**RECORDED DATA**:

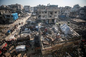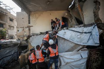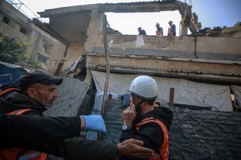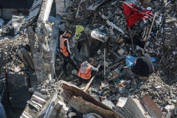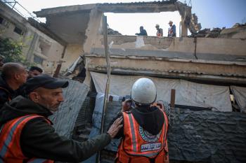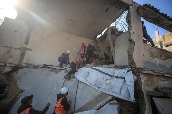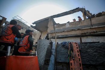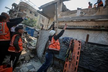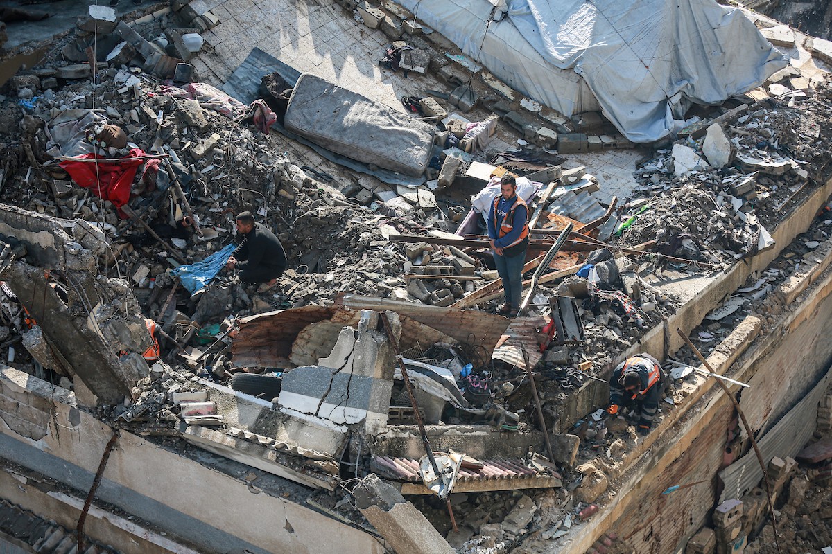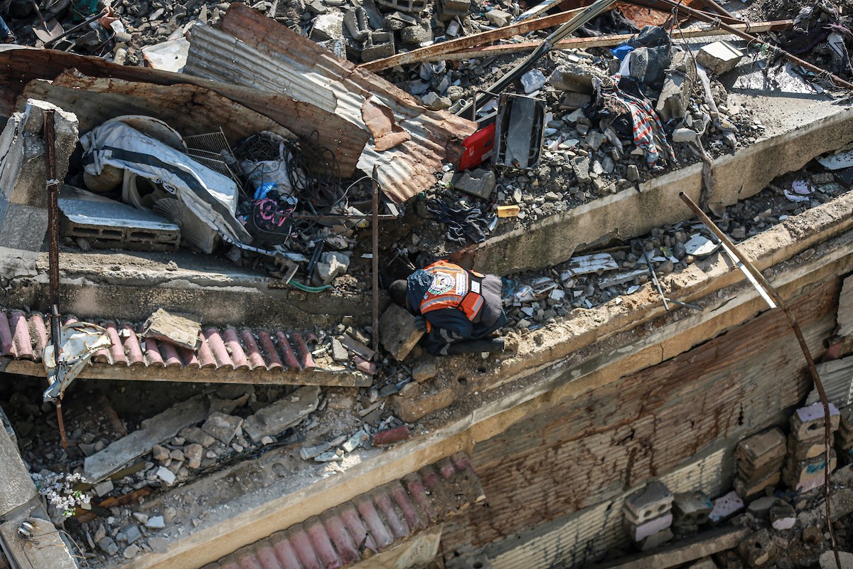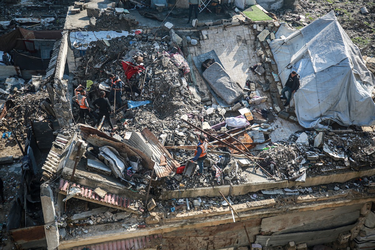 عمليات بحث وإنقاذ في مبنى سكني انهار في مخيم الشاطئ، مدينة غزة، 16 ديسمبر/كانون الأول 2025. صور : عمر أشتوي
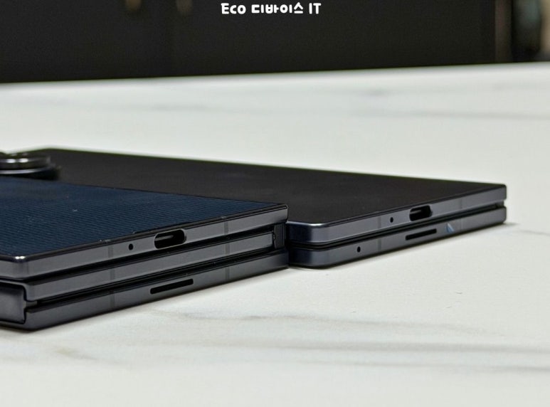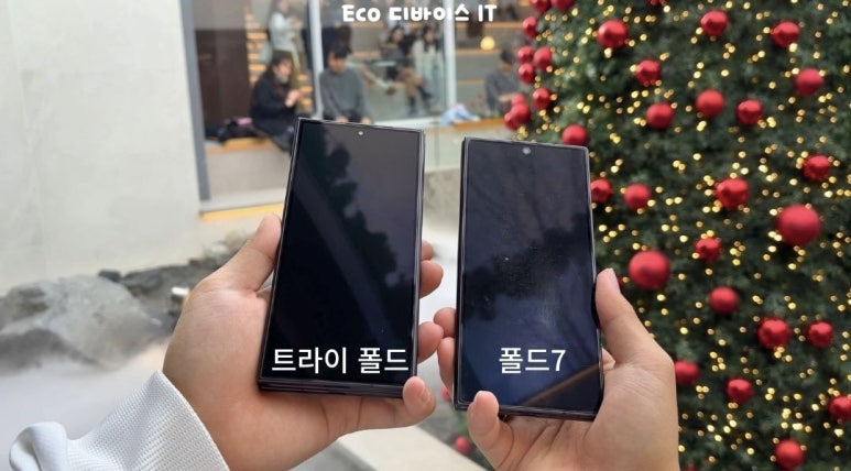 접었을 때의 두 모델의 두께도 비교해봤는데요. 이렇게 보니 갤럭시 Z 폴드7은 정말 슬림하고 캐주얼해졌다는게 느껴졌습니다. 트라이 폴드의 경우, 세 판을 모두 접다보니 힌지를 보았을 때, 두꺼운 모습을 알 수 있습니다.
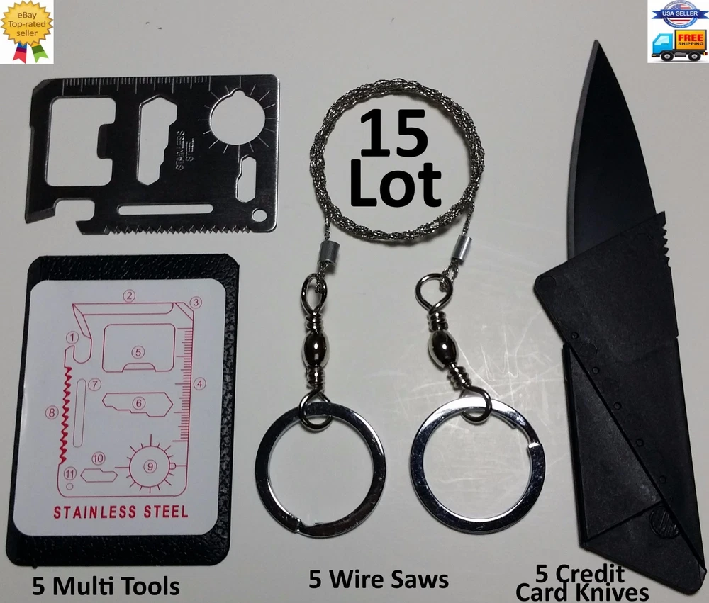 Credit Card Knives 11 in 1 Multi tools Wire Saw wallet thin pocket survival micro Kit. 15 Piece Lot Includes: (5) Piece Credit Card Knifes. New and improved super-lightweight. Knife comes individually wrapped for Retail Sales. This little knife fits neatly inside your wallet, purse, backpack, tackle box, office desk, and emergency kit. Great around the house for cooking, gardening, and opening packages. Never be without a knife again. (5) Piece 11 in 1 Multi Tool Cards (5) Piece Stainless Steel Wire Saws SHIPS THE SAME BUSINESS DAY. US SELLER FREE SHIPPING. THANK YOU.
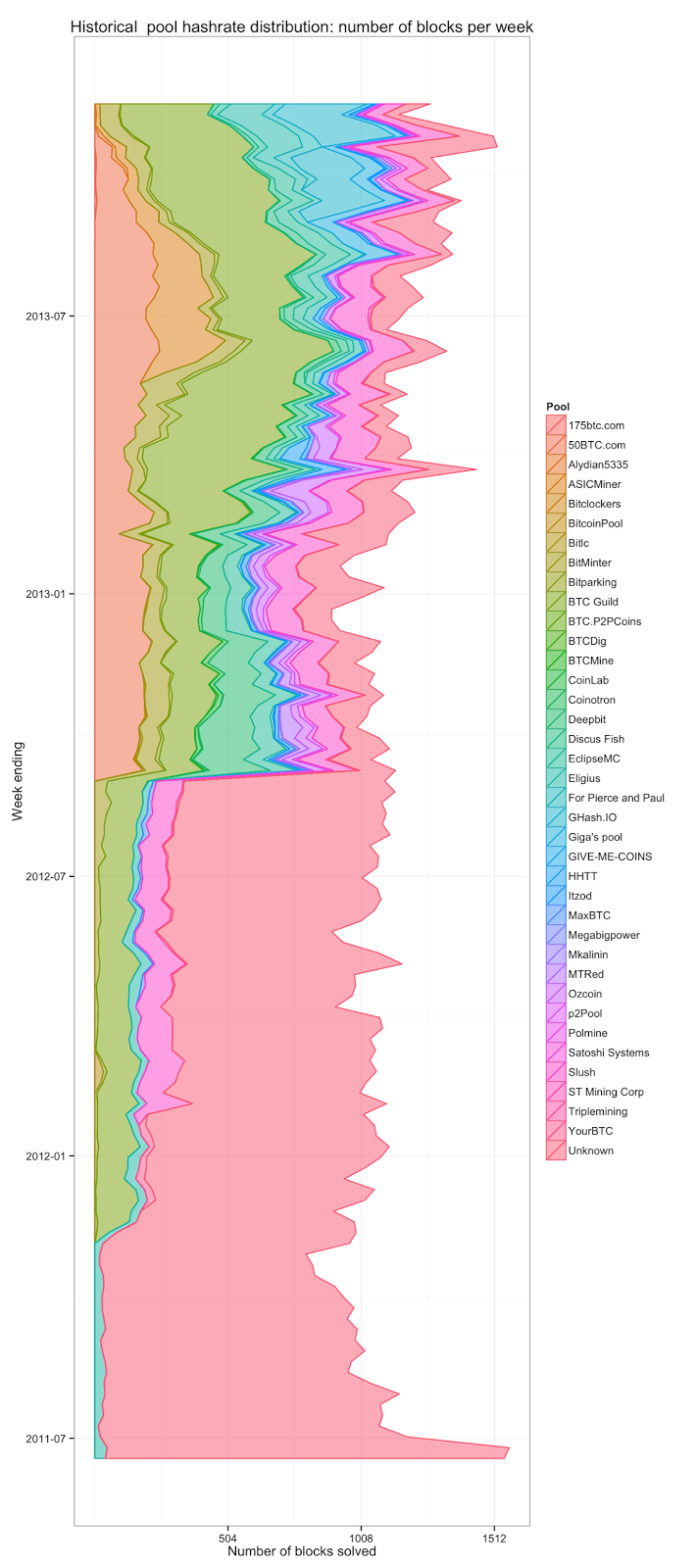 One request/suggestion: Perhaps a graph which only shows a smaller subset of pools? It's virtually impossible to distinguish them when their colors are so similar. Title: Re: Neighbourhood Pool Watch 16.2 Mapping the historical pool hashrate Post by: organofcorti on November 24, 2013, 06:06:10 AM Sorry I can't give you the May 2011 through ~October 2011 speeds for BTC Guild. All that information was wiped when the pool switched from free proportional to PPS :(. I thought this would be a problem, so the charts don't show hashrate - just blocks per week and then blocks per week as a percentage of total of network blocks per week. Do you have block history going back before that? chart doesn't show hashrate One request/suggestion: Perhaps a graph which only shows a smaller subset of pools? It's virtually impossible to distinguish them when their colors are so similar. I did try that, but then you lose a feel for how much of the network the pools represent, and how many smaller pools there are, when they started and when they died etc. What I'd like to do is learn how to make it interactive. I'd like to be able to mouse over the chart, the whole band corresponding to the colour over which you've moused gets highlighted and the pool name appears. I think this could be done using JS (which I've never used) and some JS charting tools (that I've never used), so there's a big learning curve ahead of me. Very good quality posts on this thread, keep it up. Cheers! Title: Re: Neighbourhood Pool Watch 16.2 Mapping the historical pool hashrate Post by: eleuthria on November 24, 2013, 07:46:30 AM Sorry I can't give you the May 2011 through ~October 2011 speeds for BTC Guild. All that information was wiped when the pool switched from free proportional to PPS :(. I thought this would be a problem, so the charts don't show hashrate - just blocks per week and then blocks per week as a percentage of total of network blocks per week. Do you have block history going back before that? Unfortunately, BTC Guild history pre-October 2011 is pretty much lost :(. It was only about 5 months old, and I was still learning as I went along back then. I didn't quite realize importance of keeping all that just for historical accuracy back then, after only being involved in BTC for half a year, paired with the long sustained decline in value after the 2011 bubble popped. We didn't start signing the coinbase until PoolServerJ was released. Title: Re: Neighbourhood Pool Watch 16.2 Mapping the historical pool hashrate Post by: organofcorti on November 24, 2013, 08:46:47 AM Sorry I can't give you the May 2011 through ~October 2011 speeds for BTC Guild. All that information was wiped when the pool switched from free proportional to PPS :(. I thought this would be a problem, so the charts don't show hashrate - just blocks per week and then blocks per week as a percentage of total of network blocks per week. Do you have block history going back before that? Unfortunately, BTC Guild history pre-October 2011 is pretty much lost :(. It was only about 5 months old, and I was still learning as I went along back then. I didn't quite realize importance of keeping all that just for historical accuracy back then, after only being involved in BTC for half a year, paired with the long sustained decline in value after the 2011 bubble popped. We didn't start signing the coinbase until PoolServerJ was released. When was PoolServerJ released? The early data I have is from coinbase signatures only - do you have much data before that? (I can't load up the dataset atm, and I can't tell from the chart - there might be a month I don't have). Title: Re: Neighbourhood Pool Watch 17 Goodbye HHTT. The coinbase will never be as ...... Post by: organofcorti on January 02, 2014, 07:27:21 AM New post:

**EXERCISE AIM**: What is needed is an exact copy of the lines above from the one with "접었을 때의 두 모델의" to the one with "Credit Card Knives", both ends kept, and nothing more; please leave the pictures out.

**WORKED SOLUTION**:
 접었을 때의 두 모델의 두께도 비교해봤는데요. 이렇게 보니 갤럭시 Z 폴드7은 정말 슬림하고 캐주얼해졌다는게 느껴졌습니다. 트라이 폴드의 경우, 세 판을 모두 접다보니 힌지를 보았을 때, 두꺼운 모습을 알 수 있습니다.
 Credit Card Knives 11 in 1 Multi tools Wire Saw wallet thin pocket survival micro Kit. 15 Piece Lot Includes: (5) Piece Credit Card Knifes. New and improved super-lightweight. Knife comes individually wrapped for Retail Sales. This little knife fits neatly inside your wallet, purse, backpack, tackle box, office desk, and emergency kit. Great around the house for cooking, gardening, and opening packages. Never be without a knife again. (5) Piece 11 in 1 Multi Tool Cards (5) Piece Stainless Steel Wire Saws SHIPS THE SAME BUSINESS DAY. US SELLER FREE SHIPPING. THANK YOU.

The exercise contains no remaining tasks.